February 3, 2000

T.C. Police conduct annual citizens academy

27 local residents get inside look at Traverse City Police Department

By Carol South
Herald contributing writer
      The Traverse City Police Department is conducting its third Citizens' Law Enforcement Academy this winter, giving 27 local residents a taste of the nuts and bolts of police work.
      Held on Tuesday evenings from January 11 until March 28, class members have already learned about the structure of the city police department, the basics of community policing and taken a tour of central dispatch.
      Getting an inside peak at the workings of the police department is both satisfying as well as educational for participants.
      "I like knowing how things work," said Mary Pollock, a city resident who came on the recommendation of her sector patrol officer, Bob Sadler, who is stationed in the Old Towne neighborhood. "It was really fascinating to see how things work when a 911 call comes in."

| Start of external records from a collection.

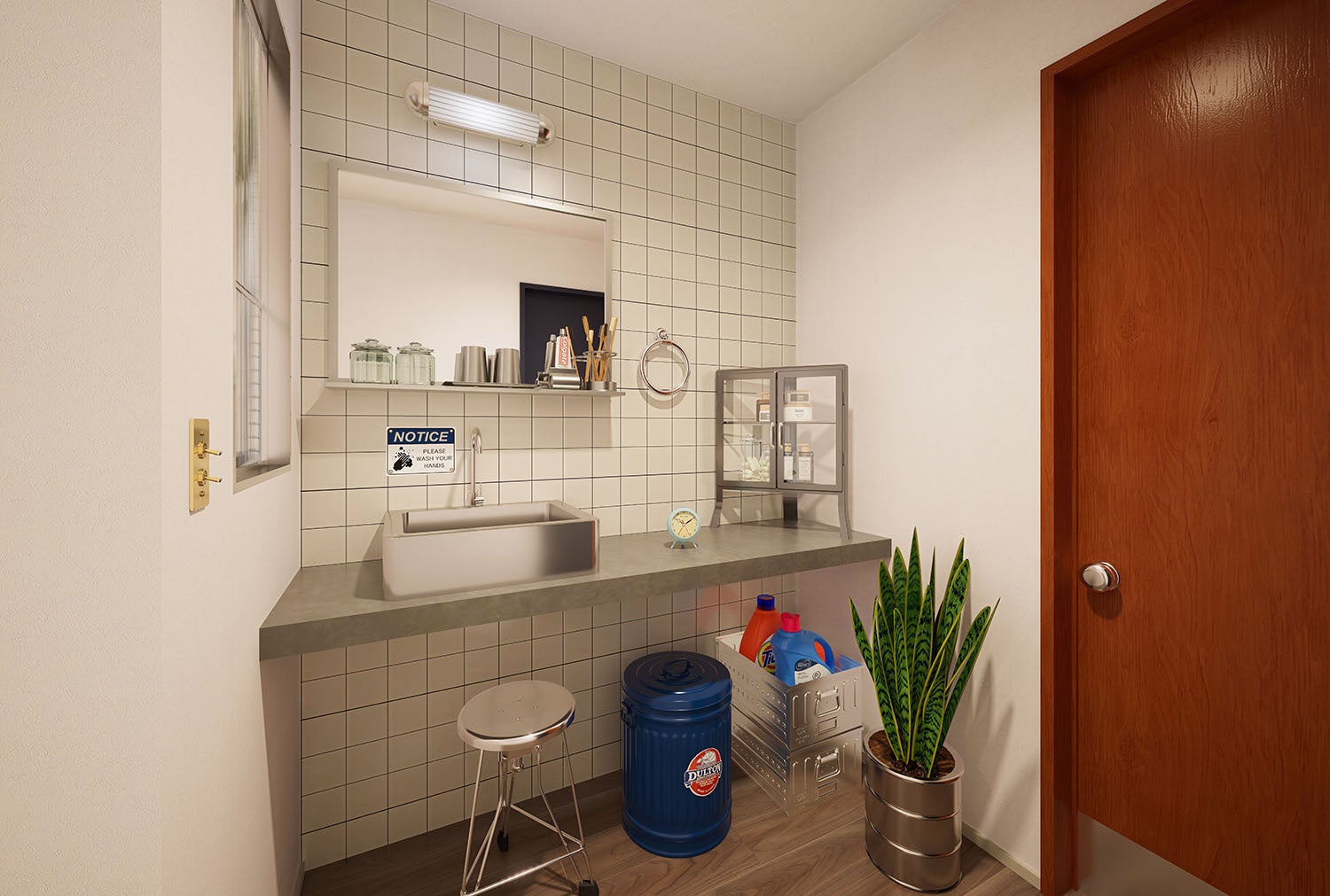 モルタル塗りの造作カウンターでつくられた洗面台。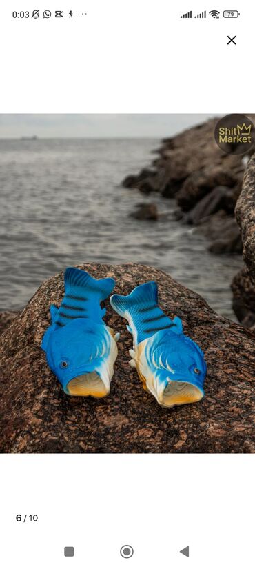 Рыбные шлёпанцы «Fish Slippers» — яркие голубые сабо в форме рыбы.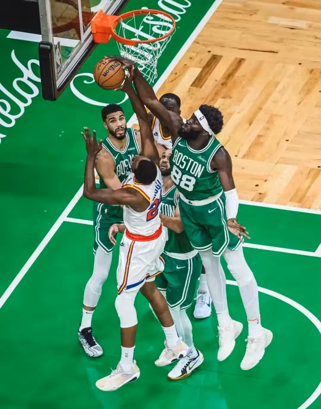 勇士首發:庫里、穆迪、維金斯、追夢、TJD。由於杰倫-布朗缺陣,勇士可以放心夾擊塔圖姆。兩隊命中率都很低,開場打了2分半鐘,比分只是2比0。接下來懷特三分三連擊,綠軍領先到兩位數。希爾德替補上場,首節3中3得8分!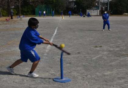 野球に似た「ティーボール」に取り組んでいます。
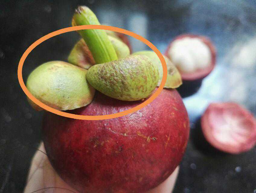 2、看山竹底部的萼片(下图圈起来的部分),也就是那个硬结,看起来像花瓣一样,有几瓣萼片就有几瓣果肉,一般是4~8片,所以我们就要选瓣数多的,通常有7、8瓣果肉的,里面的核也很少。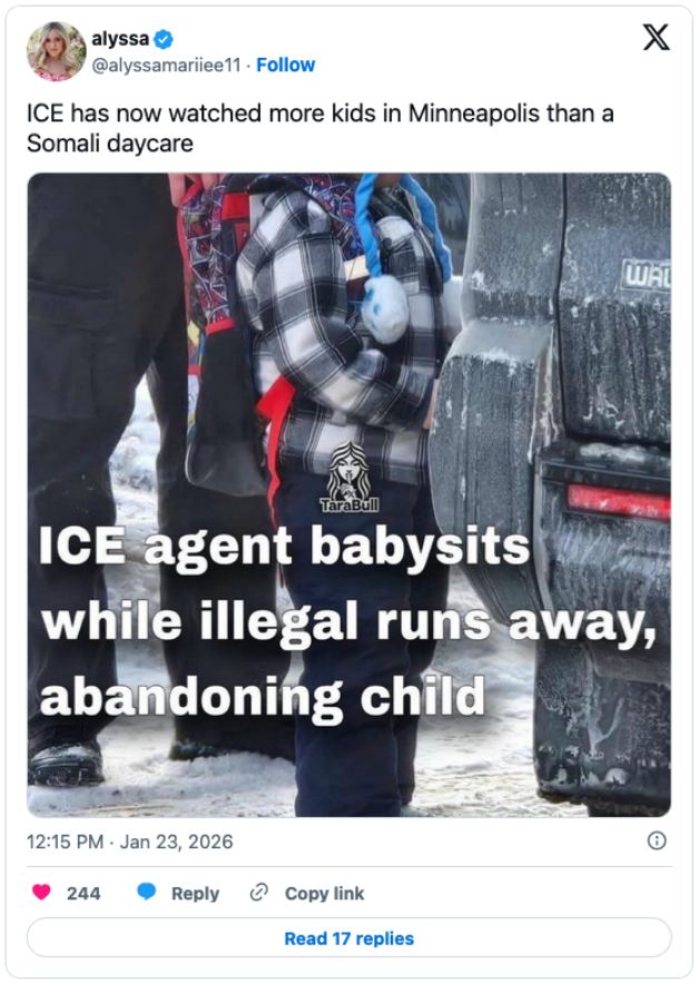 As to the bait-boy hoax, the fleeing father was Ecuadorian illegal Adrian Alexander Conejo Arias. The abandoned child, his son, is Liam Conejo Ramos. ICE, of course, wasn’t going to leave the boy to freeze in the street. So they took him home to his mother.

      Future topics at the academy will include narcotics and investigations, the K9 team, domestic violence, the DARE program, a jail tour and crime scene procedures. The last class, an all-day session on a Saturday, will cover firearms training and police driving. Each student will have a chance to drive a police car and fire a gun.

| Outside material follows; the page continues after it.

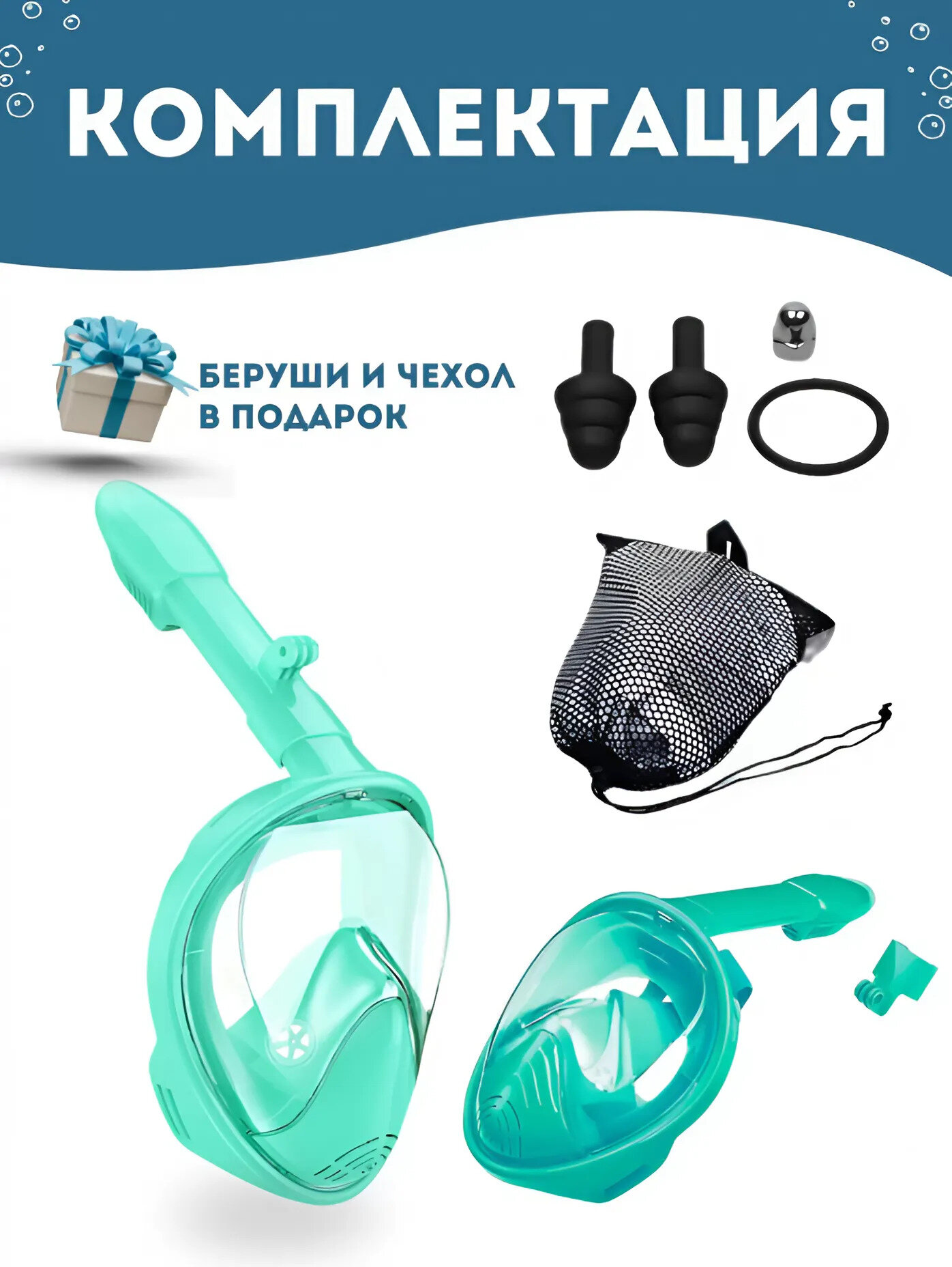 Полнолицевая маска для подводного плавания с трубкой, Маска для снорклинга с креплением для экшн-камеры, L/XL зеленый 1 190 ₽

      But what may have been most surprising to academy participants is how the face of police work is dramatically changing. No longer just going on call after call, police in Traverse City are taking a community policing approach. This means they are working with coordinated citizen efforts to find ways to prevent crime, not just solve it after it occurs.
      The "Citizen's Law Enforcement Academy" is part of this effort. When this third class graduates from the academy in April, more than 70 local residents will have completed the program. They will be taking this information back to their neighborhoods and schools sharing it with others to create community solutions to problems, Chief Soffredine said.
      "Seventy-eight percent of what we do is service oriented work, not law enforcement oriented," said Chief Soffredine, who noted that the seven sector patrol officers and organized neighborhoods associations are key factors in community policing.
      "When you get right down to it, we all want the same thing: a better community. Our expectation of this academy is to tell them what their dollars do and enlist them as advocates in community problem solving."
      The participants came from neighborhoods around the city, including Slabtown, Kid's Creek, Old Towne, Oak Park and Traverse Heights. Some residents from neighboring townships also enrolled, and will take community policing ideas back to their subdivisions.
      Demonstrating a community policing success story, three residents of Traverse Heights neighborhood came to the academy at the encouragement of their sector patrol officer, Marjorie Marshall. The neighborhood association formed just last year, with the encouragement of Chief Ralph Soffredine, and has since organized a job fair and spearheaded the addition of new stop signs near the Traverse Heights Elementary School.
      Putting three resident though the academy will strengthen their community and help members head off problems before they happen.
      "One of the things we've noticed since Marjie has been around is that people get to know each other," said Suzette Hayes, president of the Traverse Heights neighborhood association.
      "We don't say anymore, 'There goes a police car.' Now it is, 'There goes Marjie.' For us, community involvement is the key to everything and we want to bring this information back to our neighborhood, tell them that community policing is happening."
      Officer Marshall is a strong proponent of community policing and helped present the concept to students at last Tuesday's class. A member of the Traverse City force for nearly a year, she draws on more than eight years of policing experience in San Diego. There, the police department began restructuring to emphasize community policing, looking for the causes of problems and bringing in members of the community to assist with the process.
      "If you do community policing right, the number of calls go down," Officer Marshall said. "You cannot have community policing without the traditional police work and vice versa. Community safety and security falls on all of us."